Data for this exercise -
------------------------------------------------------------------------
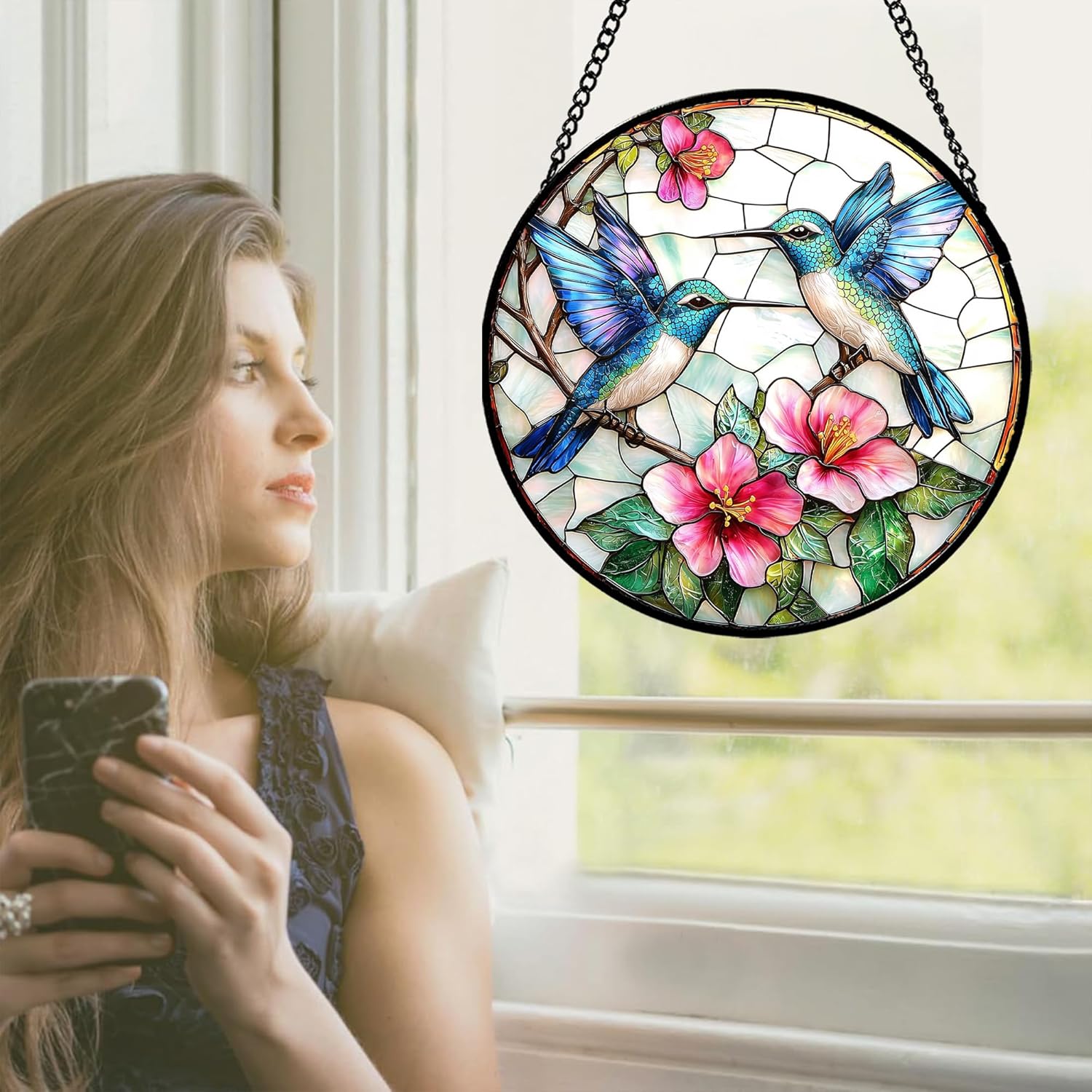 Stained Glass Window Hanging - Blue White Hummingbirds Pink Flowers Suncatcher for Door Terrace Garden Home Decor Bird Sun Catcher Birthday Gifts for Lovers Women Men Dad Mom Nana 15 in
------------------------------------------------------------------------
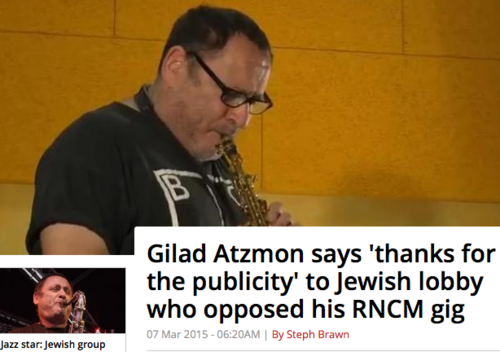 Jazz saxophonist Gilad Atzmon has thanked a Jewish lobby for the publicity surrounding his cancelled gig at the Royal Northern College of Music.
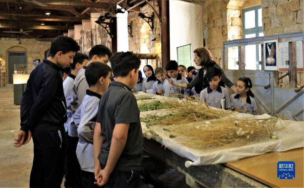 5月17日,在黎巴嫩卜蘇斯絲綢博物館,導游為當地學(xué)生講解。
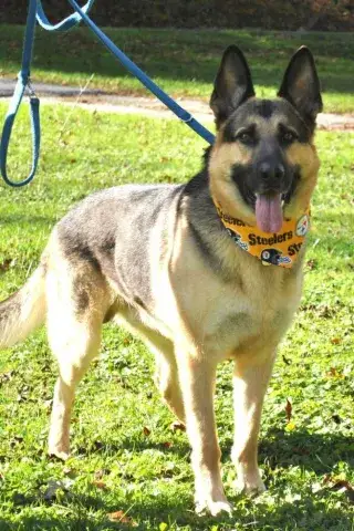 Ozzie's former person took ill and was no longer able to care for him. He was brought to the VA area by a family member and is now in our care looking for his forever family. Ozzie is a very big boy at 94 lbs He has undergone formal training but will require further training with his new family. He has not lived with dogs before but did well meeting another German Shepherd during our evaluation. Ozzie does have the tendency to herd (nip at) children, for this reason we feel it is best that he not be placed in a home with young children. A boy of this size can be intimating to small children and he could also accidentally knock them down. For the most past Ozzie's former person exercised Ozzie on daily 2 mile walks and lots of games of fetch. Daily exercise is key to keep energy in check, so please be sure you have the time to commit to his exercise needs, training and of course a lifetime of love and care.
------------------------------------------------------------------------
What to produce -
Output exactly the lines above, from the line with "Jazz saxophonist Gilad" to the line with "5月17日,在黎巴嫩卜蘇斯絲綢博物館,導游為當地學(xué)生講解。", both included; skip the pictures.

Solution to this task -
 Jazz saxophonist Gilad Atzmon has thanked a Jewish lobby for the publicity surrounding his cancelled gig at the Royal Northern College of Music.
 5月17日,在黎巴嫩卜蘇斯絲綢博物館,導游為當地學(xué)生講解。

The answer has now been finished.